I recently signed up for Jeremy Keith’s podcasting web app, Huffduffer. The sign-up form has received a lot of buzz because of its “Mad Lib”-style design, but what interested me was that after I created my account, I saw the following in the lower right-hand corner of my profile page:
Huffduffer took the one web site URL I provided it with (louissimoneau.com) and found just about every profile of mine, from every social network or web application I’ve ever used. It’s not apparent in the figure, but those links point to my profiles on those sites. How is this possible?
Digging around through a number of Jeremy’s blog posts, I found that he’s using the Google Social Graph API to gather this data. My web site points to my Twitter, Last.fm, and FriendFeed profiles, and those in turn (mainly FriendFeed) link out to all my other profiles. Google is able to follow these links and know that they refer to other instances of me through clever use of the XFN microformat (more on this a bit later).
Jeremy’s implementation, though definitely cool, is a little blunt. Some people may object to having every single one of their web identities listed on their profile, and as Google’s spider is relying on cached data, some of the information may be out of date. For example, I deleted interblag.tumblr.com years ago and it has since been picked up by another individual.
I thought it might be a cool idea to try and develop a slightly more sophisticated version of this functionality, and at the same time learn a bit about how the Social Graph API works its magic. I’ll be using Ruby on Rails for this implementation, but as the code is very simple you should be able to adapt it easily to whichever platform you’re comfortable with.
Before we go any further, it’s a good idea to step back and try to figure out how this functionality is possible in the first place. How does Google know that those other sites are also “me”? The answer is microformats. If you’re a real HTML nerd or have a penchant for semantic code, you’ll already know about microformats, but for the rest of us here’s a quick catch-up course.
Microformats are just that: mini formats, which happen to sit inside the larger format of HTML. HTML lacks a way, for instance, of indicating that a link is pointing to a web site of an individual you’ve met in person—that is, there’s no “met” attribute that would let you do:
<a href="http://somesite.com" met="true" />
This code, of course, is invalid. Fortunately, HTML has a few attributes that can be co-opted for this purpose.

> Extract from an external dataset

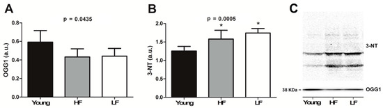 Protein expression of (A) 8-oxoguanine DNA glycosylase (OGG1) and (B) levels of 3-nitrotyrosine (3-NT) in the vastus lateralis muscle of young and old participants. Bars represent mean values (±standard deviation) in the three experimental groups. Representative blots of OGG1 and 3-NT are shown in panel (C) a.u. arbitrary units. * p < 0.05 vs. young group (n = 11). HF: high functioning (n = 16); LF: low functioning (n = 7).

class is the most obvious, but for links and anchors we also have
rel. For example:
<a href="http://somesite.com" rel="met" />
This snippet of code, unlike the previous one, is perfectly valid. This in and of itself may be of little value: at best you could use CSS to give a different style to links pointing to people you’ve met. But if web developers across the world agree on a way of representing this information, suddenly the range of possibilities explodes: a web spider can crawl links between people who’ve met each other and construct a map of these relationships.

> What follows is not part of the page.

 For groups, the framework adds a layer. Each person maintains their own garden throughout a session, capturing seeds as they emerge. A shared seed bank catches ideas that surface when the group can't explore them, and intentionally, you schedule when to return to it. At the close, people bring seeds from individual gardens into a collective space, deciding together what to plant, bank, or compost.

There are currently microformat standards for everything from addresses (hCard) to friendships (XFN) to tags (rel-tag), as well as a number of others currently in the draft stage.

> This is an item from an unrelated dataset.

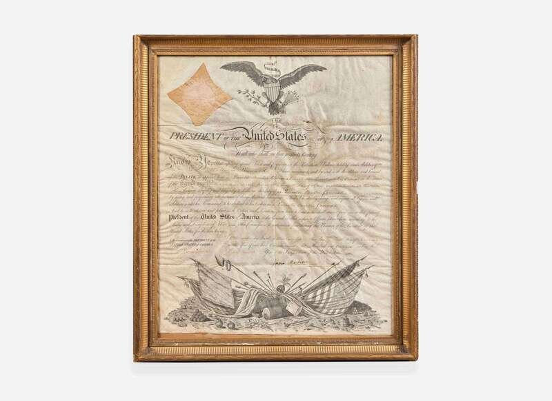 Washington, (D.C.), December 26, 1814. Single vellum sheet, 17 5/16 x 14 7/8 in. (440 x 378 mm). Partially-printed military commission, executed in a secretarial hand and signed by James Madison as President of the United States, appointing William Linnard "Quarter Master General with the brevet rank of Colonel"; counter-signed by James Monroe as Vice-President; paper seal at top. Creasing from contemporary folds; Monroe's signature somewhat faded; Madison's signature sometime traced over; scattered light spotting.

Google is using the microformat standards XFN (eXtensible Friend Network) and FOAF (Friend of a Friend) to crawl networks of links. These links point to people represented by URIs, and it’s the relationships between these people that Google is attempting to figure out. FOAF is a slightly more complicated format that involves creating a separate file detailing all your friendships using XML; that’s unnecessary for our implementation so we’ll just focus on XFN.
The most basic use of XFN is using
rel=”me” in a link to denote that the site being linked to belongs to the same person as the site we’re on.
There is, of course, a problem here: this microformat data is only present if a person has bothered to put it there. And only a small percentage of web site owners even know what microformats are, let alone use them on their sites. Well, the good news is that several large sites and applications add XFN to links automatically. Last.fm and FriendFeed, for example, both use this standard when you add links to your other sites. So you may have a social graph without even being aware of it.
WordPress blogs also make it easy to mark up links in this way. Scroll down the page when adding a new link to your WordPress blog and you’ll see the following:
Hence, even without widespread knowledge of microformats, it turns out that there are a significant number of marked-up XFN links out in the wild for the Google Social Graph API to spider.